I'm developing the above JSON library with the goal of making it more convenient and faster while maintaining compatibility with encoding/json.
Therefore, I think that it has a similar concept to this project, and I'm very much looking forward to the future of this project.

So, I would like to share some knowledge (mainly performance aspect) when developing goccy/go-json. Is it okay to write it here?
The README mentions not to use unsafe, so I understand the policy differences from the library I'm developing.
Including that, I would like to share my knowledge to find useful points.

Also, I know a lot of other 3rd party JSON library's implementations,
so I would like to share the approach to performance improvement in each library if you want.

@mvdan
Copy link
Collaborator

mvdan commented Aug 12, 2021

Hello, and thanks for reaching out :)

You're right that this library has the same design principles as encoding/json, including no unsafe, but also no code generation. We also don't want this library to be very heavy in terms of code size.

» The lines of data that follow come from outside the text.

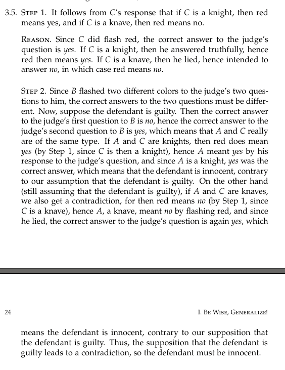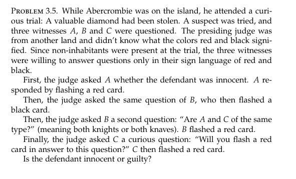 I’m going through this book and it contains many puzzles and solutions. I’ve encountered a problem that makes no sense to me. I’d spent a considerable amount of time on it before I finally gave up and looked at the solution, where I discovered essentially the deductions identical to mine.
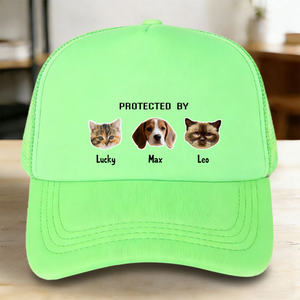 Protected By Pet Photo Sponge Mesh Baseball Cap, Cozy Knit Hat Gift for Pet Owners, Lovers, Perfect for Christmas, Birthday, All Occasions
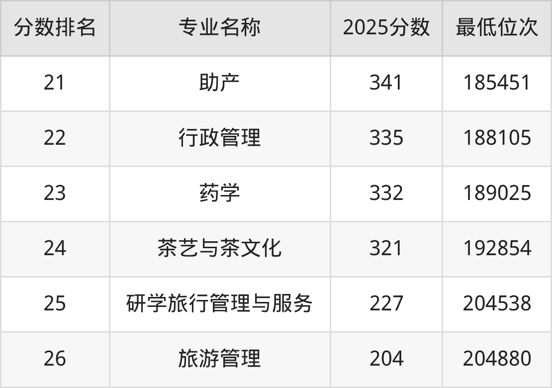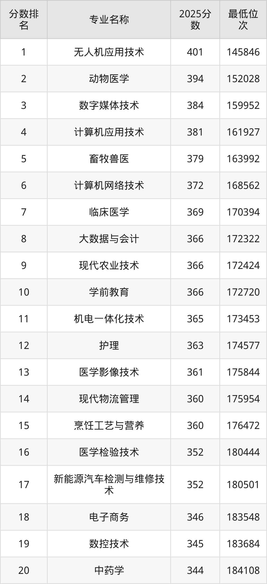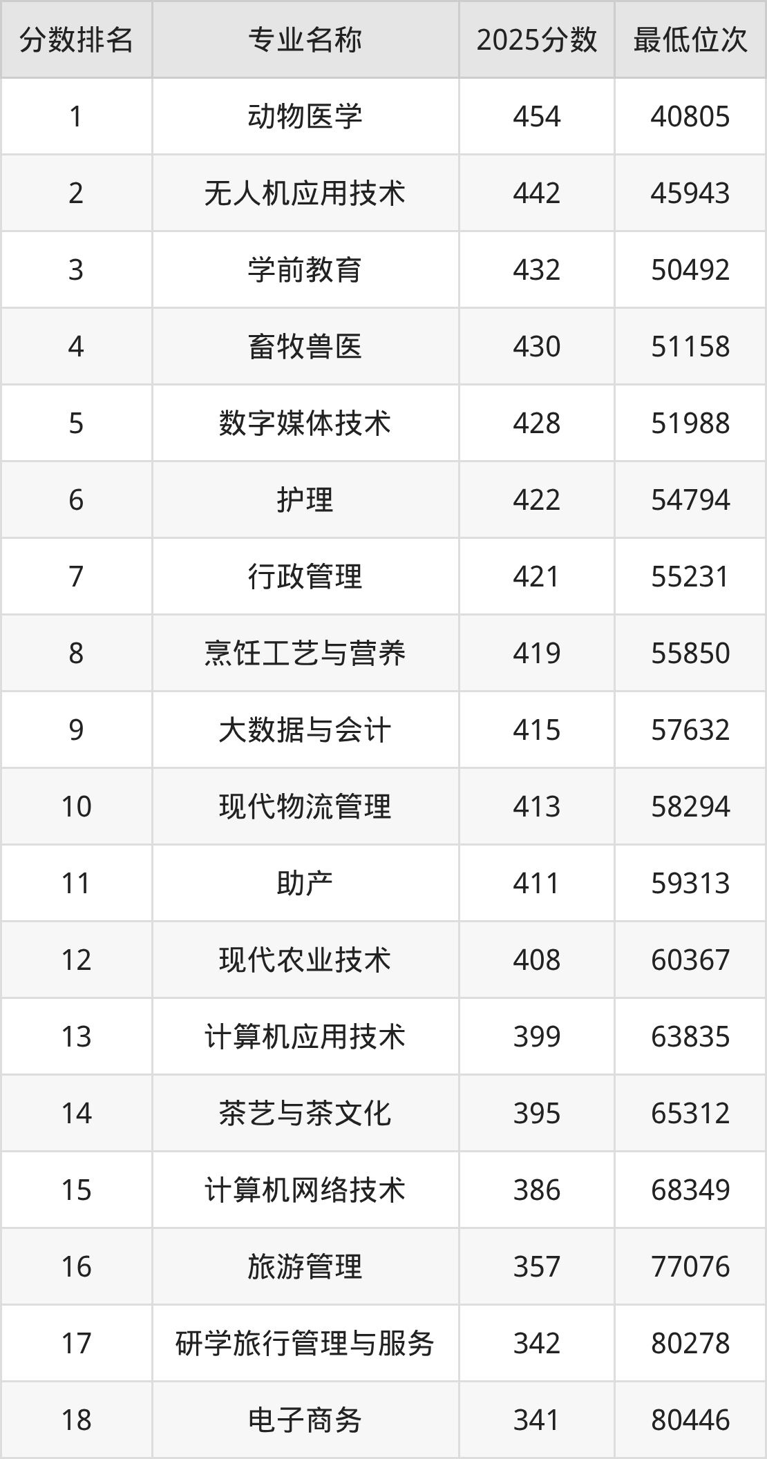 从贵州历史类考生报考的角度看,安顺职业技术学院最热门的王牌专业动物医学,2025年录取分是454分、位次是40805位,比最低分专业高了113分。
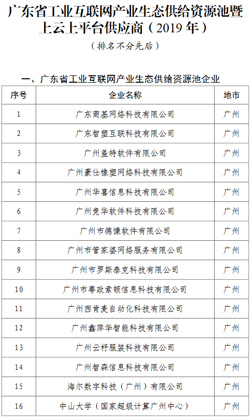 為推動制造業數字化、網絡化、智能化轉型升級,不斷發展壯大廣東工業互聯網產業生態體系,根據《廣東省工業和信息化廳辦公室關于組織申報廣東省工業互聯網產業生態供給資源池暨上云上平臺供應商(2019年)的通知》(粵工信辦函〔2019〕30號)和《廣東省工業和信息化廳關于印發廣東省工業企業上云上平臺服務券獎補工作方案(2019)的通知》(粵工信工業互聯網函〔2019〕1553號)文件要求,我廳先后組織開展了2019年第一、二、三批廣東省工業互聯網產業生態供給資源池暨上云上平臺供應商的申報和遴選工作。經企業申報、專家評審和網上公示,現予以公布。
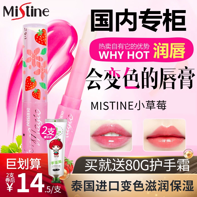| nameOriginal | Thai strawberry color-changing lipstick MISTINE lip balm lipstick does not fade, moisturizing, moisturizing and hydrating women's genuine |

And, just like the standard library, it prioritises correctness and API usability over performance. The default behavior is a bit slower for the sake of extra sanity checks, for example, which can be disabled by the user.

Over the past year we've mainly worried about the library's design and actually getting it to work, so optimizations haven't been the biggest worry. The design should still allow for good performance, but I would not expect its current version to be among the fastest json libraries today.

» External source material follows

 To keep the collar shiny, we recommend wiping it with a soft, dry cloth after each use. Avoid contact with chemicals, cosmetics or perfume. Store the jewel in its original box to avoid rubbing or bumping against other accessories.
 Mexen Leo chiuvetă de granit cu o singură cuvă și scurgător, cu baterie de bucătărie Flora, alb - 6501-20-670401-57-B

With all that in mind, what kind of knowledge would you like to share, or how would you like to contribute? I believe we are already aware of how other fast json libraries work, at a high level, but perhaps there's some specific detail of one of them that would benefit our design or implementation.

Something else you could try is measuring the performance of this library, and looking into the cases where it's significantly slower than you anticipated. That's something we will transition more towards, as we get more confident that the current design and API are decent.

@goccy
Copy link
Author

goccy commented Aug 12, 2021

Thank you for your reply ! :)

I also want the standard library to have a simple implementation.
On top of that, I would like to contribute if there are any points that can be improved in terms of designs or implementation.
Regarding the features, I imagine that you have already thoroughly discussed and selected it from among the many feature requests.
Therefore, I wanted to provide useful information on the implementation side in terms of non-feature aspects (e.g. performance).

At this time, I'm not sure what features you're trying to implement as an option,
However, as an example, I would like to introduce the features that we would be happy to offer as an option, primarily in terms of performance.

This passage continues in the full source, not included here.